Type 1 diabetes (T1D) is characterized by an increased risk of macrovascular complications. Pregnancy-associated plasma protein-A (PAPP-A) generated N- and C-terminal fragments of IGF binding protein-4 (NT-IGFBP-4 and CT-IGFBP-4) have been suggested as cardiac biomarkers.


The objective of the study was to investigate the prognostic value of IGFBP-4 fragments in a cohort of T1D patients.


We prospectively followed up 178 T1D patients with diabetic nephropathy and 152 T1D patients with normoalbuminuria for 12.6 (range 0.2-12.9) years.


Levels of IGF-1, IGF-2, IGFBP-1-4, NT- and CT-IGFBP-4, and PAPP-A at baseline.
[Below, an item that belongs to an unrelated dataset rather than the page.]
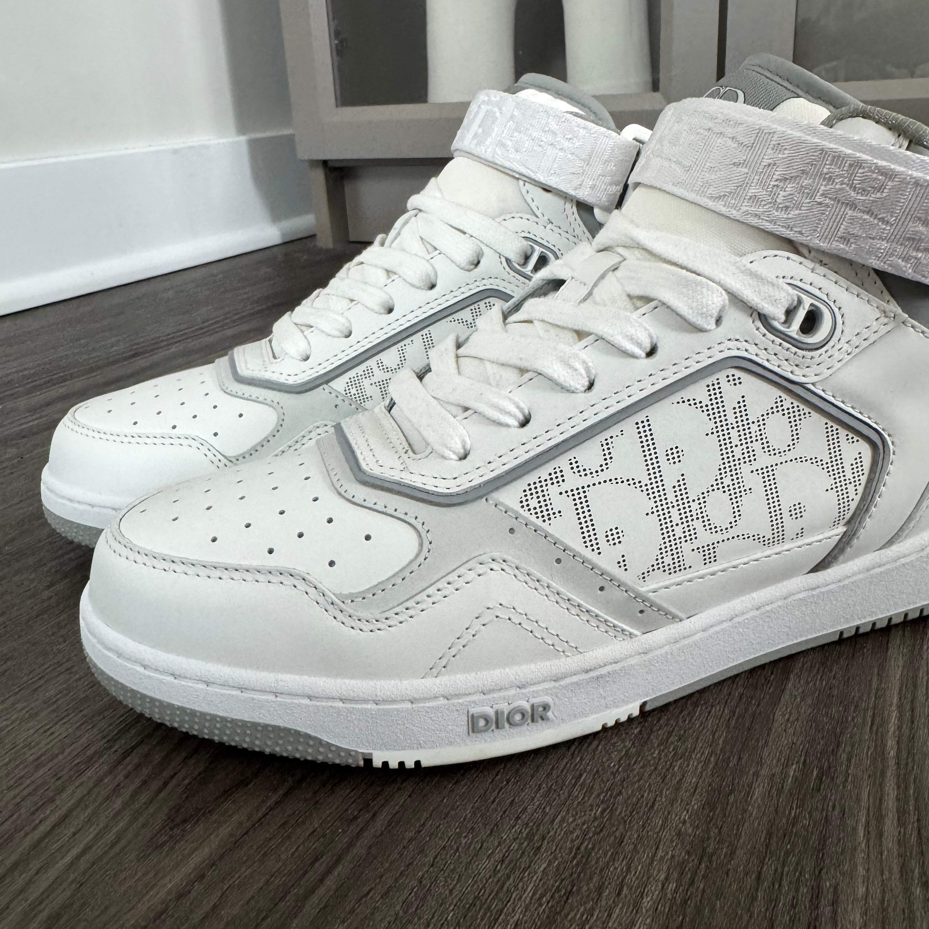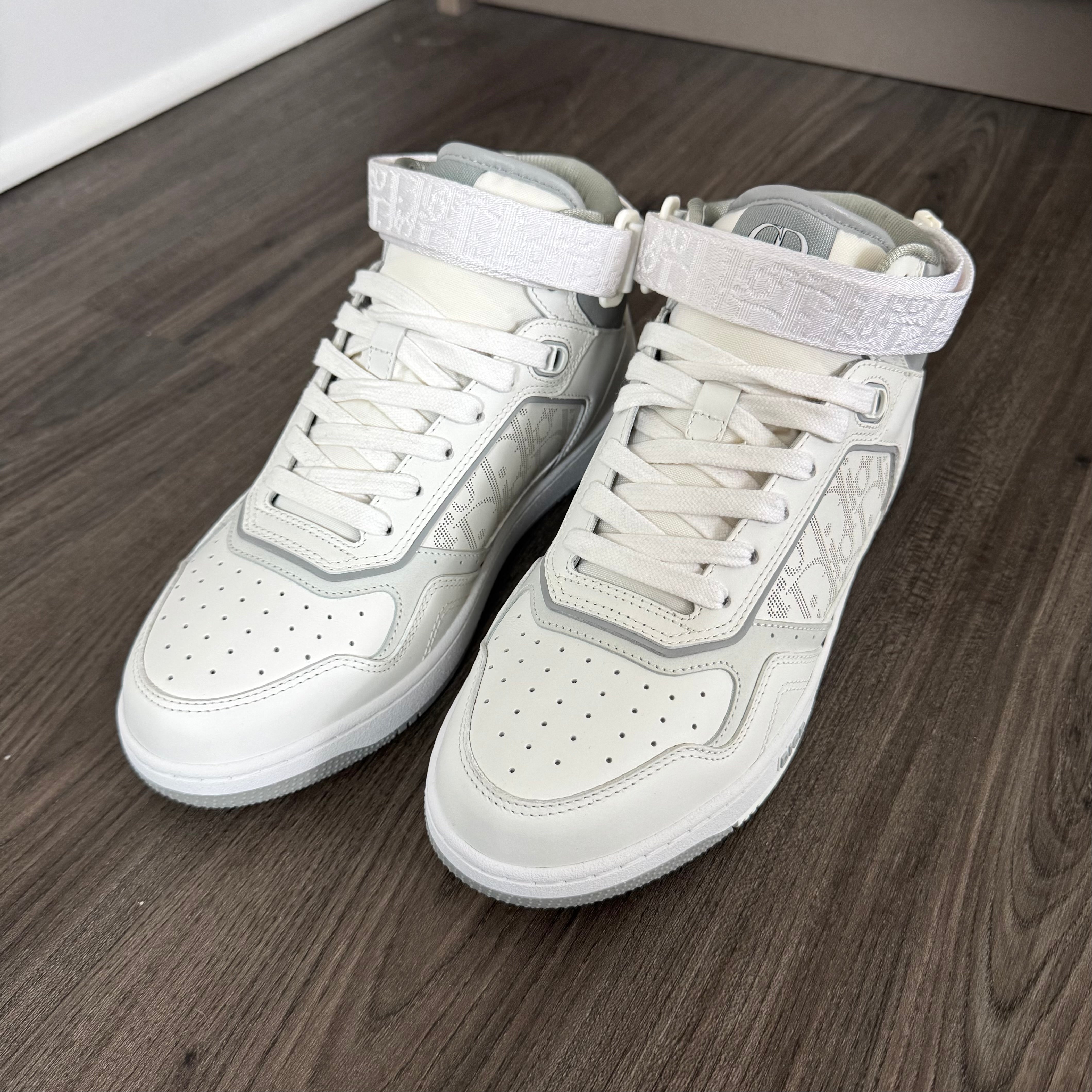 DIOR B27 High Top White Gray Monogram Strap Sneakers

During follow-up, 15 patients with normoalbuminuria and 71 patients with nephropathy died. Of these deaths, 8 and 45 were due to fatal cardiovascular events, respectively. Using receiver-operating characteristic curve analyses, patients were divided into subgroups using cutoff values of 261 μg/L NT-IGFBP-4, 81 μg/L CT-IGFBP-4, or 10 mIU/L PAPP-A. All-cause mortality was significantly higher in patients with NT-IGFBP-4 levels (55% vs 16%, P < .001) and CT-IGFBP-4 levels (44% vs 15%, P < .001) above vs below cutoffs. Similarly, cardiovascular mortality was elevated in patients with high NT-IGFBP-4 levels (40% vs 7.8%, P < .001) and high CT-IGFBP-4 levels (30% vs 7.4%, P < .001). After adjustments for nephropathy and traditional cardiovascular risk factors, high NT- and CT-IGFBP-4 levels remained prognostic of cardiovascular mortality with hazard ratios [95% confidence interval (CI)] of 5.81 (95% CI 2.62-12.86) (P < .001) and 2.58 (95% CI 1.10-6.10) (P = .030), respectively. After adjustments, PAPP-A was not associated with overall or cardiovascular death. All IGF protein levels were higher in patients with diabetic nephropathy (P < .001), but no variables associated with mortality.


High IGFBP-4 fragment levels were associated with increased all-cause and cardiovascular mortality rates in T1D patients with and without diabetic nephropathy.